** Opening Given information block **
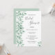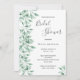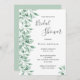 Una invitación a la moda Bridal Shower en blanco y verde. Un fondo blanco de moda en la parte delantera. Decorada con vegetación botánica, estribos y follaje. Guión moderno de gran tamaño con letras a mano, tipografía con el texto: Bridal Shower. Plantillas para el nombre de la novia y detalles del fiesta. Texto gris oscuro. Fondo: fondo verde claro.
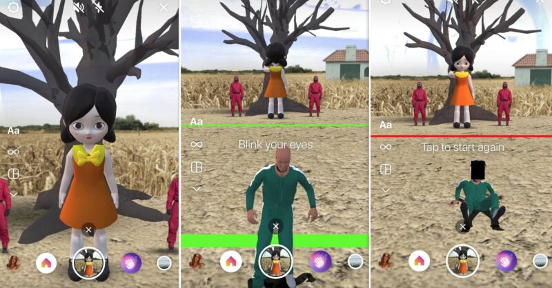 Đây chính là một filter mới mà Instagram vừa ra mắt cho phép bạn chơi trò chơi Đèn xanh đèn đỏ trứ danh trong bộ phim Squid Game đang làm mưa làm gió trên nền tảng xem phim Netflix.
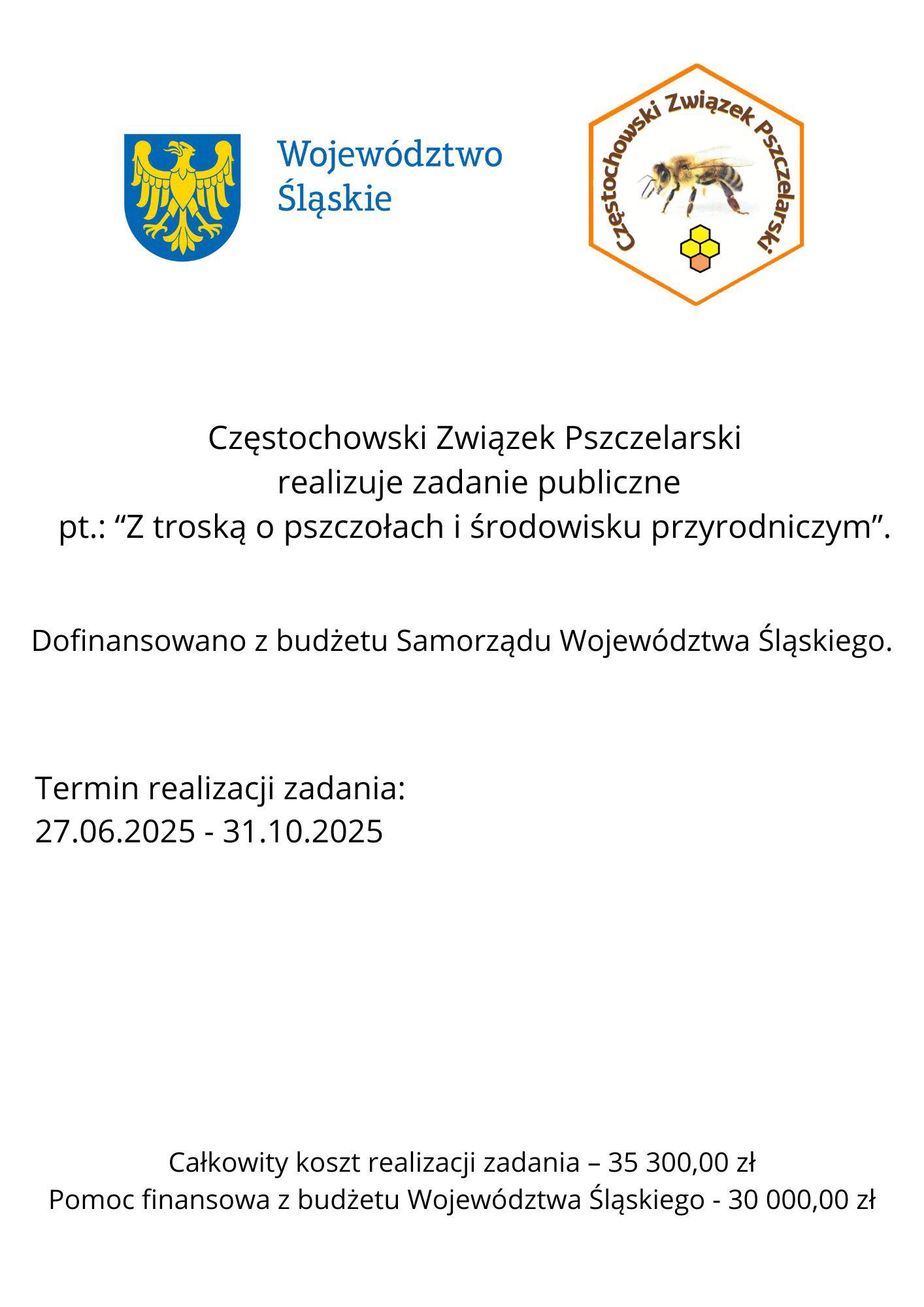 Dzialanie realizowane w ramch zadania publicznego Śląskie dla Pszczół-2025,
** Closing Given information block **
Images should not appear in the copy; retype the listing above exactly.

Task response:
 Una invitación a la moda Bridal Shower en blanco y verde. Un fondo blanco de moda en la parte delantera. Decorada con vegetación botánica, estribos y follaje. Guión moderno de gran tamaño con letras a mano, tipografía con el texto: Bridal Shower. Plantillas para el nombre de la novia y detalles del fiesta. Texto gris oscuro. Fondo: fondo verde claro.
 Đây chính là một filter mới mà Instagram vừa ra mắt cho phép bạn chơi trò chơi Đèn xanh đèn đỏ trứ danh trong bộ phim Squid Game đang làm mưa làm gió trên nền tảng xem phim Netflix.
 Dzialanie realizowane w ramch zadania publicznego Śląskie dla Pszczół-2025,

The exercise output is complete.